Exactly, they can obfuscate all they like, but if you're the boss of someone who's working full-time, and you're not paying them enough to live on, that's with the boss. If your business model doesn't provide enough profit to pay them sufficiently, that's the problem with your business model, not the worker.

It's just a polite way of saying "I believe your work is useful but you should starve anyway".

Fact is, most benefits are paid to people who work. The notion of "lazy benefit scroungers" is an old trope that applies to relatively few, and cost far less than these tax cuts Kami-Kwazi erroneously went for.

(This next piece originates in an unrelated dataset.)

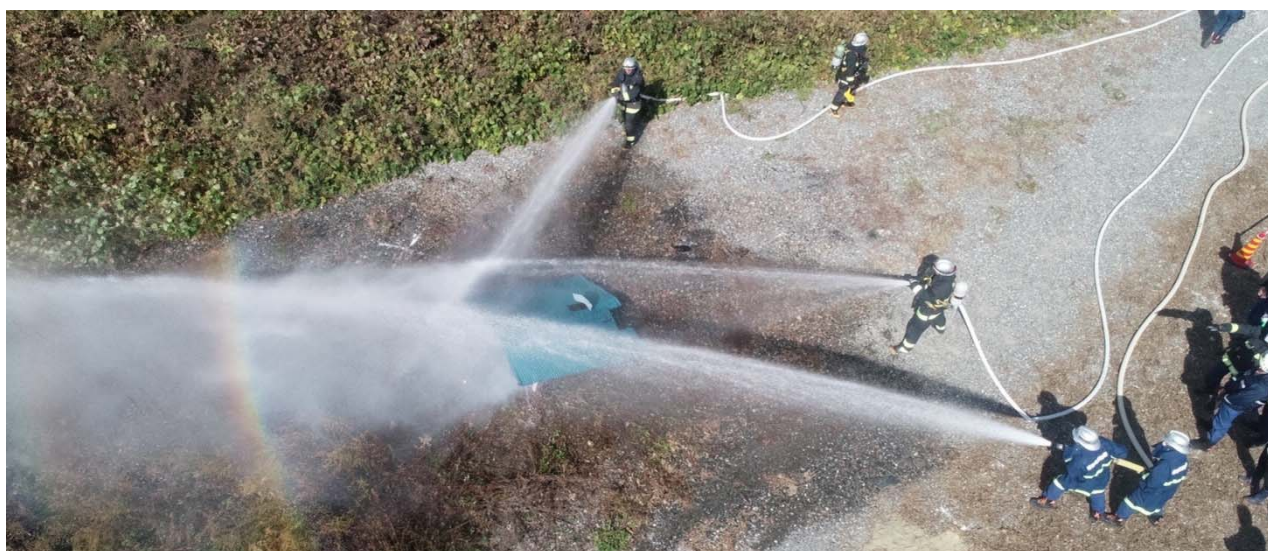
筒先 (署2線・団1線) I方向攻撃、他方向警戒

I remember being at a dinner party several years ago when a rather obnoxious local business owner persisted in dominating discussion boasting to all the other guests about the many trappings his "remarkable" entrepreneurship had rewarded him (he even boasted about the many thousands he had to pay gardeners to cut his hedging, such was the size of land he owned). When he started to pour bile about benefit scroungers I had had enough. I asked him whether he paid his workers the minimum wage. "Yes" he replied, happy that he abided by the minimum legal requirement. I asked him whether any of those workers he paid the minimum wage also had families. "Yes, he replied again. I replied thus, "So actually every taxpayer is subsidising your failure to pay your staff a sufficient wage to afford the basic cost of living as determined by the government. That means it is the taxpayer who has subsidised your big house, your many holidays, your big cars, and all the other luxuries you have told us about. Doesn't that make you a benefit scrounger?" Suffice to say we didn't exchange telephone numbers.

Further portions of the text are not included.